Smoker’s Dissonance
Cigarettes are like flares. I light them hoping someone else will be drawn to my light. But flares burn red and quick, signaling distress. People swerve to give a wide berth to flares while I fill with longing for intimacy because that’s what my addiction to “social smoking” was built upon—a desire for something meaningful, no matter how fleeting and no matter the cost.
But in a ruminating mind, I am not given the gift of simply smoking and yearning, because Shame is standing nearby to take the wind out of my sails harder than any American Spirit ever could. How is that self-loathing worth it?
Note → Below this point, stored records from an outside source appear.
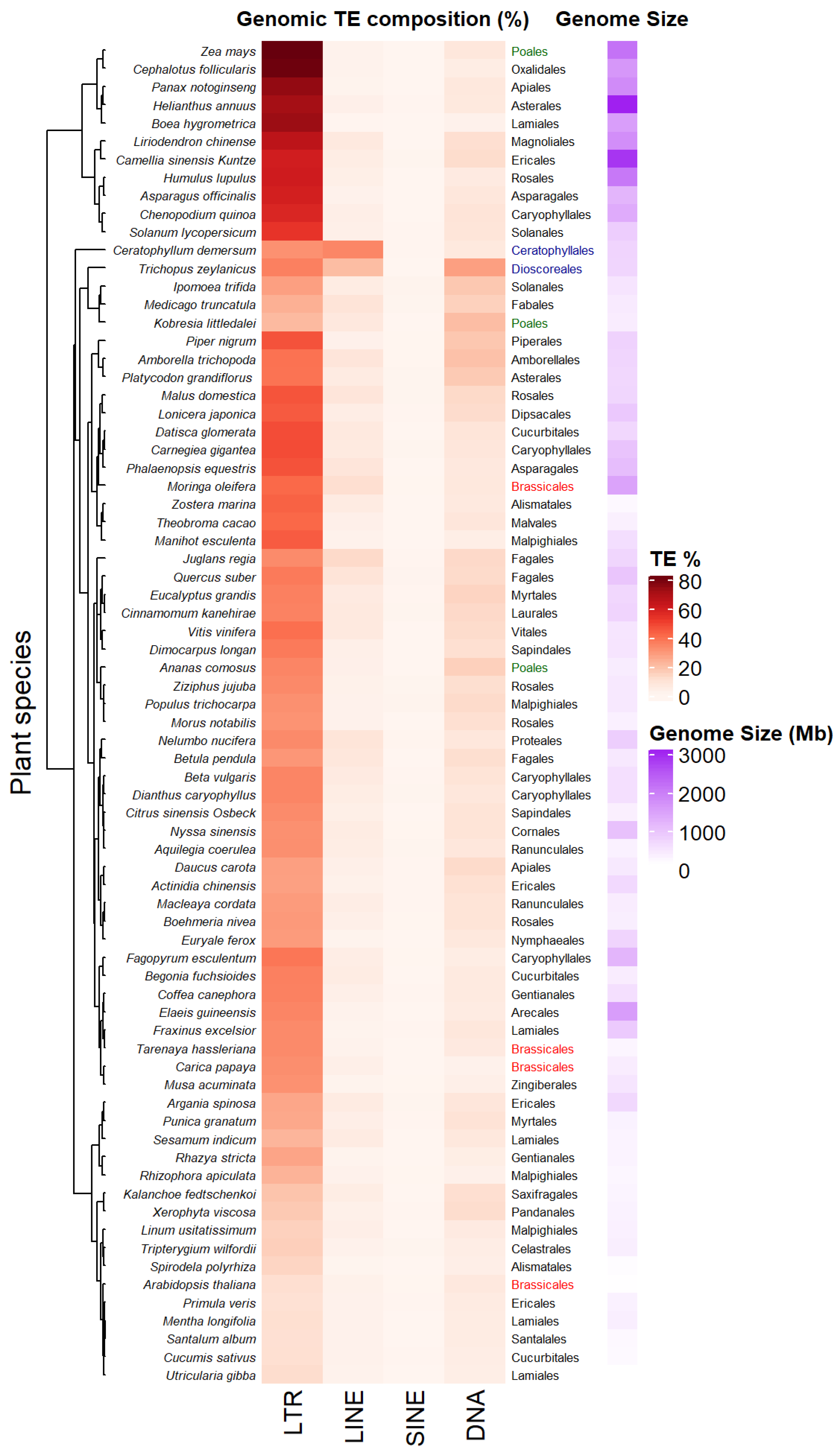 Transposable elements (TEs) are important components of most plant genomes. These mobile repetitive sequences are highly diverse in terms of abundance, structure, transposition mechanisms, activity and insertion specificities across plant species.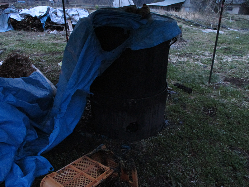 はじめ何の火か分からず、近くに行ってびっくり!大豆の入っている大釜の下のカマドの中が燃え、上に掛けておいたブルーシートに移り、溶けて垂れ落ちた火が、近くにあった豆殻の入ったプラスチックのカゴに燃え移りえらい事になっている・・・驚いた私は「水!水!」とうわずった声を上げて叫ぶと、我が夫は水道からホースを引っぱって来て消火してくれました。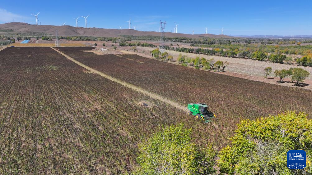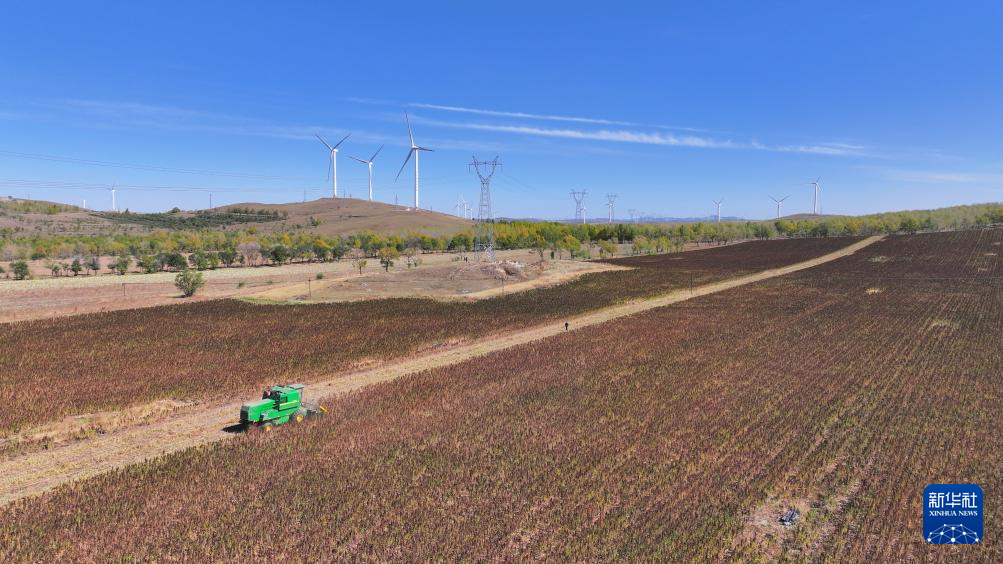 10月1日,在沽源县白土窑乡小西沟村,当地农机手正在田间操作收割机收获藜麦(无人机照片)。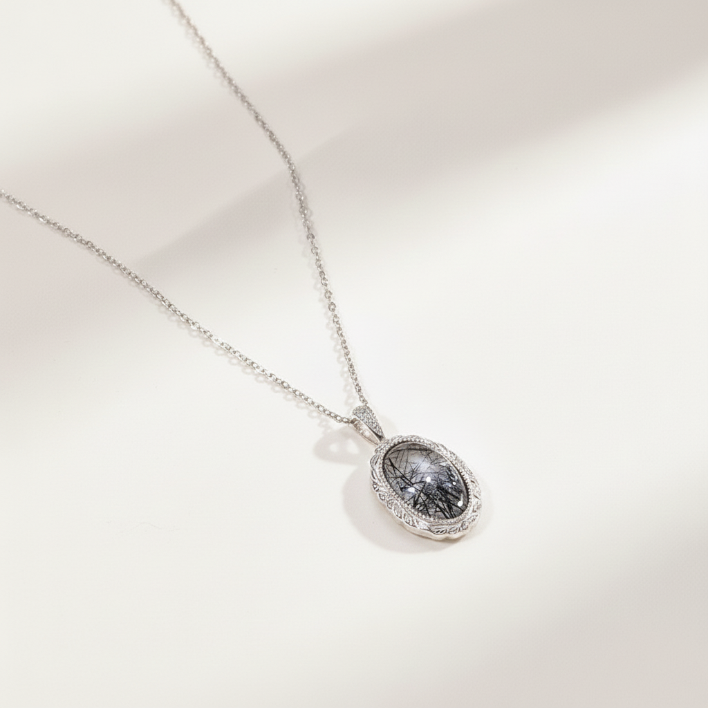 Le pendentif ovale vintage en quartz rutile puise son inspiration dans les cadres de portraits anciens et la beauté discrète des inclusions naturelles. Le quartz rutile ovale allongé est enfermé dans un cadre finement détaillé, capturant le contraste entre le minimalisme moderne et l’artisanat d’antan. Chaque motif de rutile noir est totalement unique — comme des traits d’encre suspendus dans le cristal — faisant de ce pendentif une pièce d’art à porter.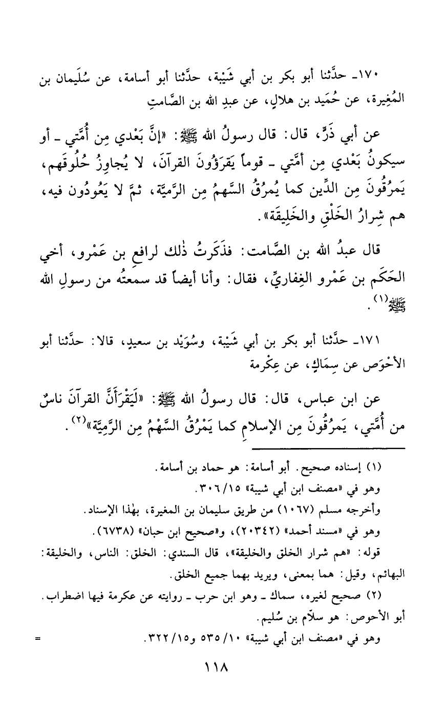 170- حَدَّثَنَا أَبُو بَكْرِ بْنُ أَبِي شَيْبَةَ ، حَدَّثَنَا أَبُو أُسَامَةَ ، عَنْ سُلَيْمَانَ بْنِ الْمُغِيرَةِ ، عَنْ حُمَيْدِ بْنِ هِلاَلٍ ، عَنْ عَبْدِ اللهِ بْنِ الصَّامِتِ ، عَنْ أَبِي ذَرٍّ ، قَالَ : قَالَ رَسُولُ اللهِ صَلَّى الله عَليْهِ وسَلَّمَ : إِنَّ بَعْدِي مِنْ أُمَّتِي ، أَوْ سَيَكُونُ بَعْدِي مِنْ أُمَّتِي قَوْمٌ يَقْرَؤُونَ الْقُرْآنَ لاَ يُجَاوِزُ حُلُوقَهُمْ ، يَمْرُقُونَ مِنَ الدِّينِ كَمَا يَمْرُقُ السَّهْمُ مِنَ الرَّمِيَّةِ ، ثُمَّ لاَ يَعُودُونَ فِيهِ ، هُمْ شِرَارُ الْخَلْقِ وَالْخَلِيقَةِ.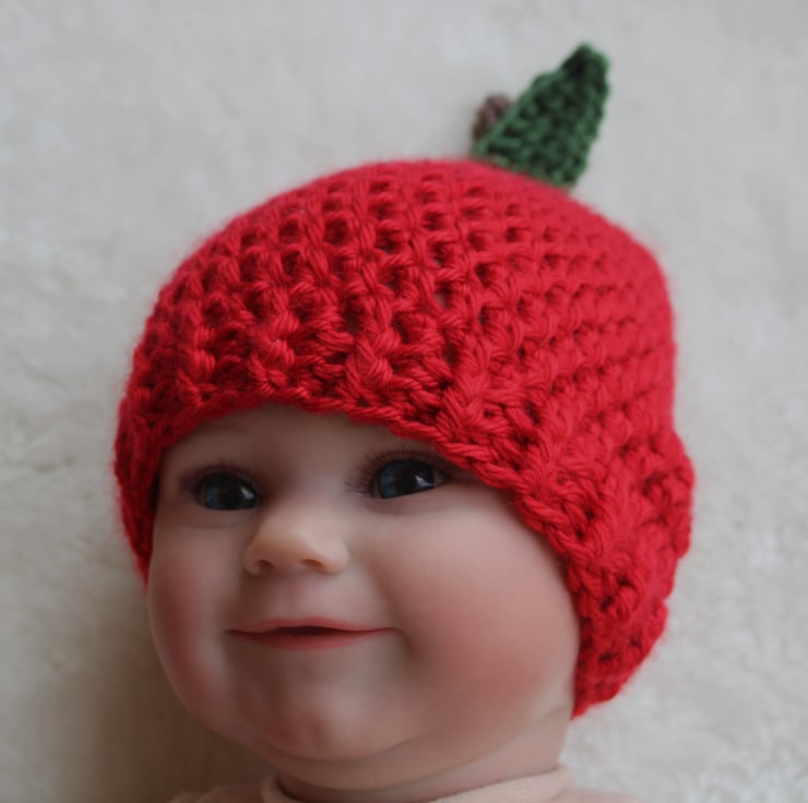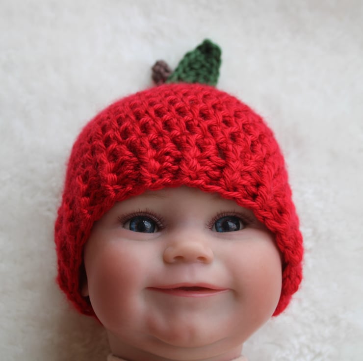 The red apple hat is in a beanie style and features a taupe coloured stalk and a dark green leaf.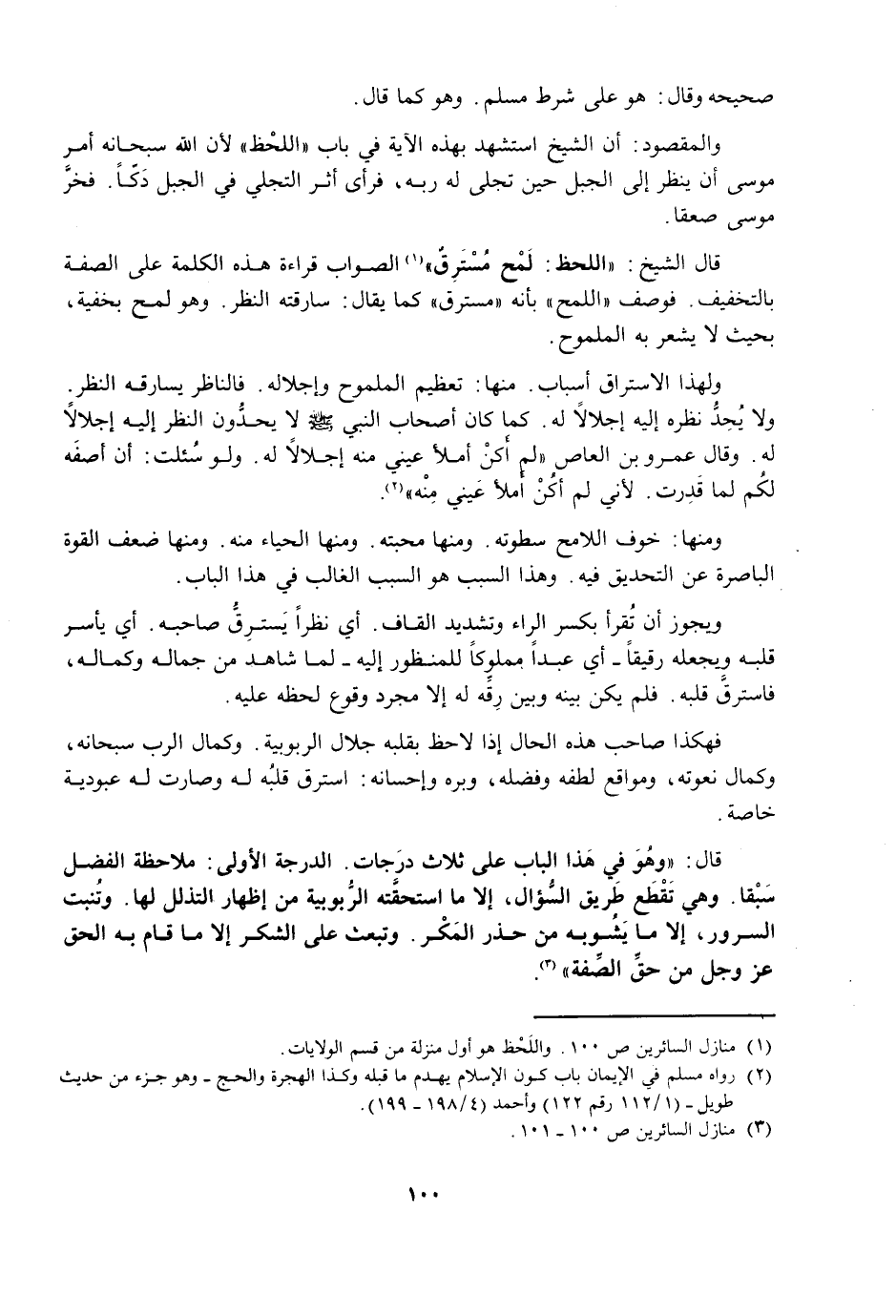 قَالَ الشَّيْخُ: " اللَّحْظُ: لَمْحٌمُسْتَرِقٌ " الصَّوَابُ قِرَاءَةُ هَذِهِ الْكَلِمَةِ عَلَى الصِّفَةِ بِالتَّخْفِيفِ. فَوَصَفَ اللَّمْحَ بِأَنَّهُمُسْتَرِقٌ كَمَا يُقَالُ: سَارَقْتُهُ النَّظَرَ. وَهُوَ لَمْحٌ بِخُفْيَةٍ، بِحَيْثُ لَا يَشْعُرُ بِهِ الْمَلْمُوحُ.

That’s the nature of addiction—cognitive dissonance doesn’t cancel out craving, the mental simulacrum of need.
On this particular evening, I light a cigarette on the small stoop of my apartment. The breeze blows the smoke back into my house, so I decide to put on some slippers and walk along my block. I suddenly recall a billboard I saw recently admonishing big tobacco. It’s two images of the same little boy side by side. One image of him is clear and bright and says, “We see a dreamer,” the other is more blurry through a yellowed filter and says, “Tobacco companies see a customer,” or something along those lines. I get the message is targeted toward children’s futures, but I’m still affected by the suggestion that dreamers and smokers are mutually exclusive.
When I walk back into my house and smell the stale smoke on myself something curdles inside of me. It’s the loneliness. What if you lit a flare, but help never came? You just watched it burn out as things got dark again.
It’s not that cigarettes make me feel hopeful, but that they feel like rolling the dice, a moment where I’m taking a little off the end, just to see if it’s possible to have a meaningful now. Some people claim they don’t understand vice, as if they’ve lived a life of purity and self-discipline. No one’s perfect. But when I smoke a cigarette my imperfection coils around me like a boa constrictor and no one comes to light my fire.